#### INFORMATION SHOWN

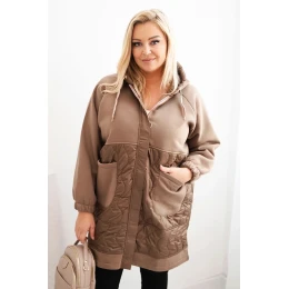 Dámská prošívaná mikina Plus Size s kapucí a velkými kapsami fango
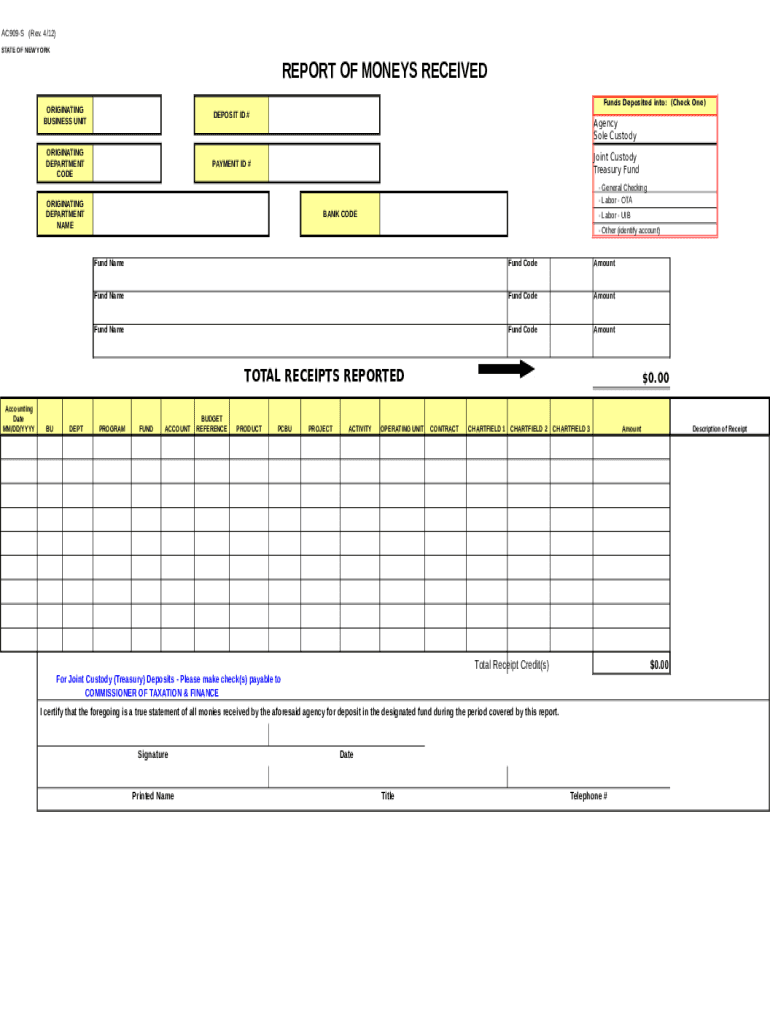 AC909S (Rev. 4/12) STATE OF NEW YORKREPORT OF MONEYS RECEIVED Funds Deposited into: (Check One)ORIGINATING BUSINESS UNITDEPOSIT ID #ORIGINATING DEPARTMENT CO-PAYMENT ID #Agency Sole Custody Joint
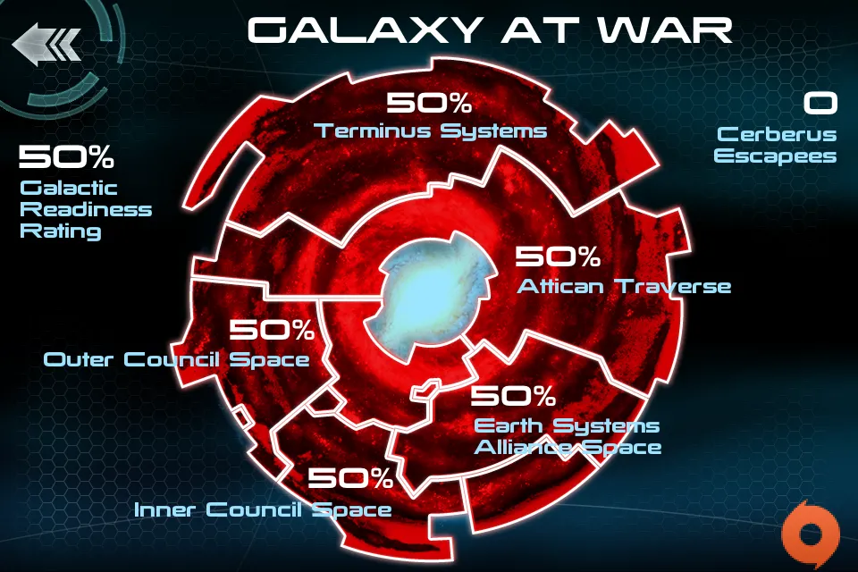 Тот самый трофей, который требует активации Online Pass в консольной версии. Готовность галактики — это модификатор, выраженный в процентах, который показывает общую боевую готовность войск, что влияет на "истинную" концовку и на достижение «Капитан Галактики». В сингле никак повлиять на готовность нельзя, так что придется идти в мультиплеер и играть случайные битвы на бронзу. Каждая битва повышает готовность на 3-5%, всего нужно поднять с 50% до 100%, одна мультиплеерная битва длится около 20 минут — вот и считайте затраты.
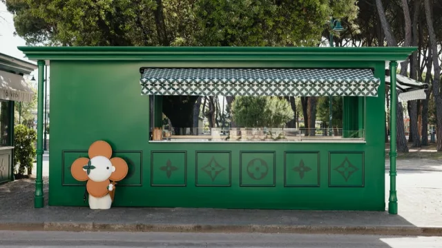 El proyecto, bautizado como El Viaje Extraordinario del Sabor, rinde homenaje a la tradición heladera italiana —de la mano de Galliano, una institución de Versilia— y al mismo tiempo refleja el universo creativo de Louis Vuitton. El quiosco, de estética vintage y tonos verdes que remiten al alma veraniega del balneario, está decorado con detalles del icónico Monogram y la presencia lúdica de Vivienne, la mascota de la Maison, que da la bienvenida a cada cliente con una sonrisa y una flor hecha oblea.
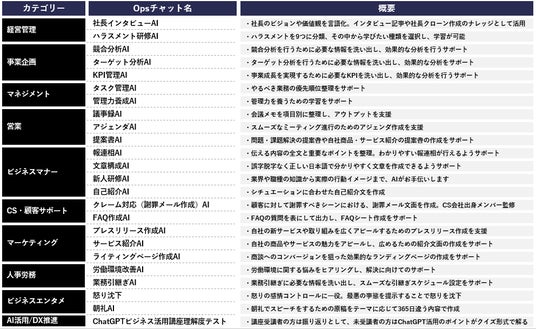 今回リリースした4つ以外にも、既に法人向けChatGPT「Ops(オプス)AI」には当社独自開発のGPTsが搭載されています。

* * *

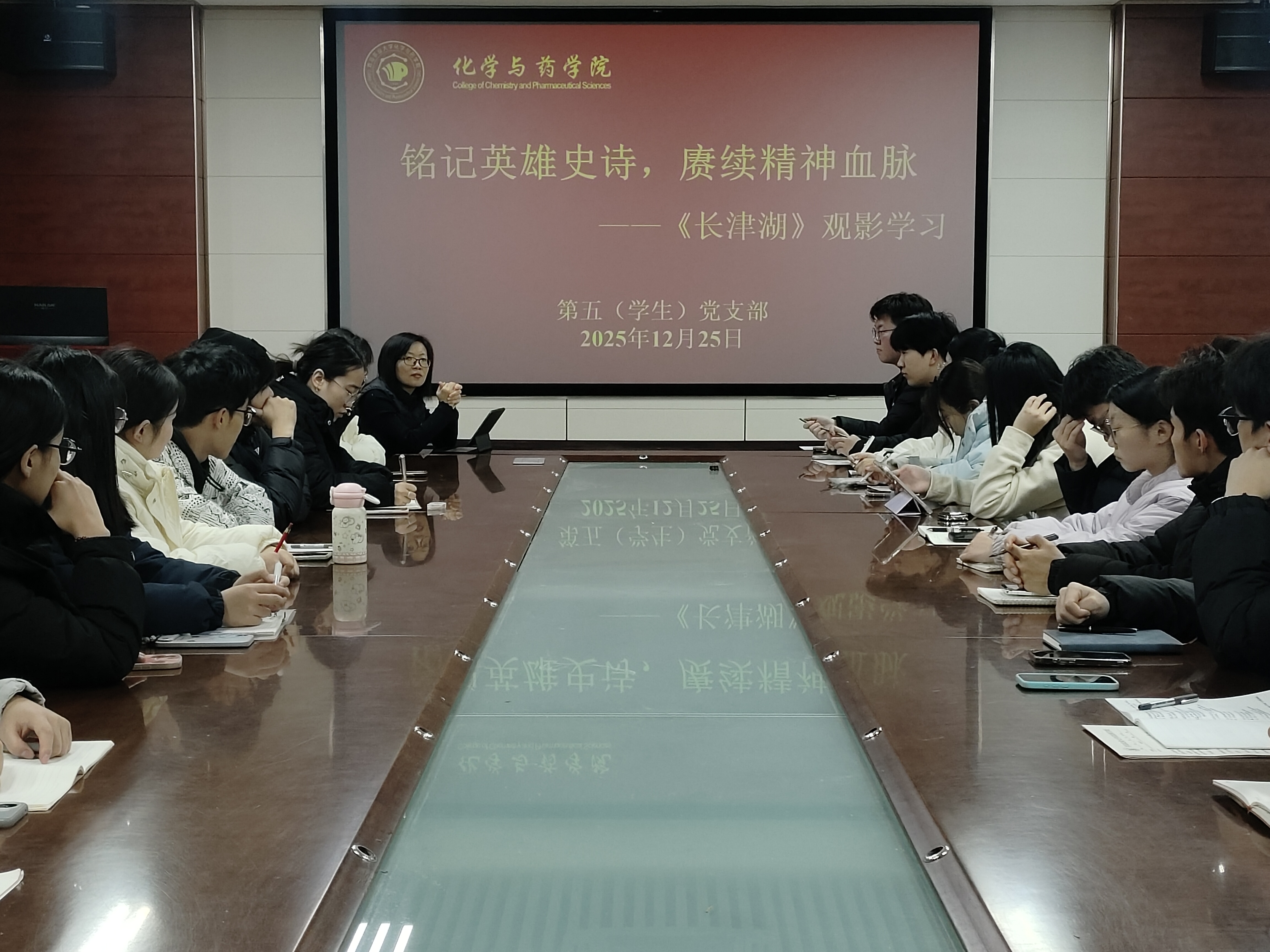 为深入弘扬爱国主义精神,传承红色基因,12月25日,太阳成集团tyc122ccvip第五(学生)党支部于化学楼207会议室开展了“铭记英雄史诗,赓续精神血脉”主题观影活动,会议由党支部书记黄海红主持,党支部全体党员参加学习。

#### ABOUT THIS TASK
What is needed is an exact copy of only the lines above from the one with "AC909S (Rev. 4/12)" to the one with "今回リリースした4つ以外にも", both kept, with every picture left out.

#### SOLVED EXERCISE
 AC909S (Rev. 4/12) STATE OF NEW YORKREPORT OF MONEYS RECEIVED Funds Deposited into: (Check One)ORIGINATING BUSINESS UNITDEPOSIT ID #ORIGINATING DEPARTMENT CO-PAYMENT ID #Agency Sole Custody Joint
 Тот самый трофей, который требует активации Online Pass в консольной версии. Готовность галактики — это модификатор, выраженный в процентах, который показывает общую боевую готовность войск, что влияет на "истинную" концовку и на достижение «Капитан Галактики». В сингле никак повлиять на готовность нельзя, так что придется идти в мультиплеер и играть случайные битвы на бронзу. Каждая битва повышает готовность на 3-5%, всего нужно поднять с 50% до 100%, одна мультиплеерная битва длится около 20 минут — вот и считайте затраты.
 El proyecto, bautizado como El Viaje Extraordinario del Sabor, rinde homenaje a la tradición heladera italiana —de la mano de Galliano, una institución de Versilia— y al mismo tiempo refleja el universo creativo de Louis Vuitton. El quiosco, de estética vintage y tonos verdes que remiten al alma veraniega del balneario, está decorado con detalles del icónico Monogram y la presencia lúdica de Vivienne, la mascota de la Maison, que da la bienvenida a cada cliente con una sonrisa y una flor hecha oblea.
 今回リリースした4つ以外にも、既に法人向けChatGPT「Ops(オプス)AI」には当社独自開発のGPTsが搭載されています。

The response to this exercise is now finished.